International Affairs Analyst
Regional powers are vying for influence in the region in the face of the attempt to influence by Russia, China and the Turko-Azeri axis. The long-term Western strategy is to curb the Turko-Azeri chokehold in the region by ensuring Georgia’s and Armenia’s Euro-Atlantic path.
Geopolitics and Competing Strategies
With Moscow’s reduced status, Turkey and Azerbaijan have glimpsed a new opportunity for their power-eroding pan-Turkic strategy among CSTO members (Kazakhstan, Tajikistan, Kyrgyzstan) and Turkmenistan coming along through the opening of the Nakhchivan corridor.
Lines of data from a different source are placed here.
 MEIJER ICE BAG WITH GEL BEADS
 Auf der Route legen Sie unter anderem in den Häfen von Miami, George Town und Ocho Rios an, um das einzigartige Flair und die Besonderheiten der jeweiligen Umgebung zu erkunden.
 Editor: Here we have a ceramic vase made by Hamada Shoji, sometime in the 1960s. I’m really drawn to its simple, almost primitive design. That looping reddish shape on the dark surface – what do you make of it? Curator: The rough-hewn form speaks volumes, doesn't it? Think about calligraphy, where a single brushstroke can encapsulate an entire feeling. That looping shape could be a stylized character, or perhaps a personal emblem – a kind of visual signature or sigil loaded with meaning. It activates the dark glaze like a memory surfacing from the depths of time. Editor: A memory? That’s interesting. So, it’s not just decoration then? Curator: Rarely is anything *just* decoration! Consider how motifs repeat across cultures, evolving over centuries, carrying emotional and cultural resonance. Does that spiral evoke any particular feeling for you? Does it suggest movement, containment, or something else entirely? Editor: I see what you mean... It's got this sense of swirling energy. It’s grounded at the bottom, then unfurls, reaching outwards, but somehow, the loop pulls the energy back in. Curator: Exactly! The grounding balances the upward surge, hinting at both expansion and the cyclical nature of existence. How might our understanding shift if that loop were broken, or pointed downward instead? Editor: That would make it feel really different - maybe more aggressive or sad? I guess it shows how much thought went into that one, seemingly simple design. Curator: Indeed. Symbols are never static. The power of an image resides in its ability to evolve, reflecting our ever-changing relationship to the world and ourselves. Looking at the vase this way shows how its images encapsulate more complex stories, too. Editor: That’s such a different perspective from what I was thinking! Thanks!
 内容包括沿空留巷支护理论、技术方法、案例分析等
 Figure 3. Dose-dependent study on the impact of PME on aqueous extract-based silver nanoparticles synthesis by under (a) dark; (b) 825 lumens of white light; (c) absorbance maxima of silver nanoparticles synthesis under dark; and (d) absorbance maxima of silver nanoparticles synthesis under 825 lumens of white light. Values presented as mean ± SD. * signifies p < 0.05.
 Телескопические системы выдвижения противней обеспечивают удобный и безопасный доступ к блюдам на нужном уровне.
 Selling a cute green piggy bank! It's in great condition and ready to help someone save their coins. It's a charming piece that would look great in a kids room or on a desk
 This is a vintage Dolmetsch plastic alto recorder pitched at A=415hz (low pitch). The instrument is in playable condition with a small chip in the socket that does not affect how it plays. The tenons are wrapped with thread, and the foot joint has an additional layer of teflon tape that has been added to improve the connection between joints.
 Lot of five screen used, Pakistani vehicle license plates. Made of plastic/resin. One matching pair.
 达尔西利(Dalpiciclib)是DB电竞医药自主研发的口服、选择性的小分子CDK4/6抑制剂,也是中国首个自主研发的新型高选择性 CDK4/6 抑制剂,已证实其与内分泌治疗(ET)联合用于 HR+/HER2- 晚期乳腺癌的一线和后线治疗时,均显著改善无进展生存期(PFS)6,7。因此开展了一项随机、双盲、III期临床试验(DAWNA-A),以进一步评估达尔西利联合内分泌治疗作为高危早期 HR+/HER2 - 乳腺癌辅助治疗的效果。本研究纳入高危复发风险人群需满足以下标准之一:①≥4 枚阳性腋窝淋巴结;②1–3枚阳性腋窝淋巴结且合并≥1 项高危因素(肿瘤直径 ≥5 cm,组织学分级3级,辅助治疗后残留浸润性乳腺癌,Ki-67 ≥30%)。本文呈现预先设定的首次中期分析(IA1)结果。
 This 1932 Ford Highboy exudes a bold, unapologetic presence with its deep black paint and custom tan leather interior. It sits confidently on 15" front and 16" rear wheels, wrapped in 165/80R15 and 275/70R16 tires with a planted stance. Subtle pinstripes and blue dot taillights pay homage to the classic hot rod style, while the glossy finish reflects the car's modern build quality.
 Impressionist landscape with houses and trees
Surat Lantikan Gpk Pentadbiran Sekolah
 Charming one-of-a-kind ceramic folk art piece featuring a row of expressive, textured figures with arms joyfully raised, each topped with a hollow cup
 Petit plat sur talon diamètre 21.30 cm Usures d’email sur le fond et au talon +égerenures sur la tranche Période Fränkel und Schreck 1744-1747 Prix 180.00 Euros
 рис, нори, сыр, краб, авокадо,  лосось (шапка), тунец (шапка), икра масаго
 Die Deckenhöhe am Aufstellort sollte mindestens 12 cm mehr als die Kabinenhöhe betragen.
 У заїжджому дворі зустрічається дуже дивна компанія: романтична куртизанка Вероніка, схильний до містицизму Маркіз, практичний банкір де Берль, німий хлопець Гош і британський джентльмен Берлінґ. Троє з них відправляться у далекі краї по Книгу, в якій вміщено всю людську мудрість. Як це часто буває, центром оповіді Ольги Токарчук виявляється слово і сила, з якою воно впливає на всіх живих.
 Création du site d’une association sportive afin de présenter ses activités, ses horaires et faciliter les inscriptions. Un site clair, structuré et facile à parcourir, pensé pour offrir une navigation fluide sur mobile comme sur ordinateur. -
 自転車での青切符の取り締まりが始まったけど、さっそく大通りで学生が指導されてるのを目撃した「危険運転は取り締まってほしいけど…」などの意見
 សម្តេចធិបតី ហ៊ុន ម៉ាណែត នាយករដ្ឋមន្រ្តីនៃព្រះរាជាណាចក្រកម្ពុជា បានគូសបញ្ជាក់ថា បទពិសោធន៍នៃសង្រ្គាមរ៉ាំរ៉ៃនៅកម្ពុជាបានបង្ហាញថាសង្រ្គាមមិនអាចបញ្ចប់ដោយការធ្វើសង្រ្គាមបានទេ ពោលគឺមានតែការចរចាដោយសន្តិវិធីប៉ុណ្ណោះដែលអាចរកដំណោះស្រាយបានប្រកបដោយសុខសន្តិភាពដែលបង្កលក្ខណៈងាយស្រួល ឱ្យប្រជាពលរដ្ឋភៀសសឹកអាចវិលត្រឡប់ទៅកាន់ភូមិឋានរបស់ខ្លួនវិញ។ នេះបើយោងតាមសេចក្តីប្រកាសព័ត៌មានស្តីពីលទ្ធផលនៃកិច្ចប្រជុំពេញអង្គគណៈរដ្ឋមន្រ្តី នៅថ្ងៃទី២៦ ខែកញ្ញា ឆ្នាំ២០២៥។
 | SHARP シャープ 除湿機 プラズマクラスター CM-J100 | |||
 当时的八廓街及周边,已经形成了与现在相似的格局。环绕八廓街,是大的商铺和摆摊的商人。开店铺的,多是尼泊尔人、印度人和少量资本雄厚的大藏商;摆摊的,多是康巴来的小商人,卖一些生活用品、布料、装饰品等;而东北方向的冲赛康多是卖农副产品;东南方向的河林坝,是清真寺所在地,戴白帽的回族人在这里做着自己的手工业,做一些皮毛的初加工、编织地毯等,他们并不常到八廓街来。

Moreover, the Azeri military endeavour has, once again, shown the transactional approach of Turkey to NATO members, given how it prefers to cooperate with Azerbaijan and Russia instead of the US and the EU. This comes as no surprise considering the poor record of the last years, its project of striking gas deals with Moscow, its aim to keep relying on Russia’s fossil fuels, the TurkStream project, and its broadly stated aim at creating a pan-Turkic alliance complete with key geostrategic projects, all very China-friendly. Equally, the EU’s hopes for an inclusive solution were misplaced, given Azerbaijan’s ambiguous policy between Russia and the West, the strategic business ties to Moscow, including the one between SOCAR and Gazprom that supplies extra Russian gas to the Caucasian country in order to keep its flows steady and expand trade to Turkey, Georgia, and, crucially, to Europe, also through the Southern Gas Corridor. For Armenia, this would mean keeping on relying on Russia strategically.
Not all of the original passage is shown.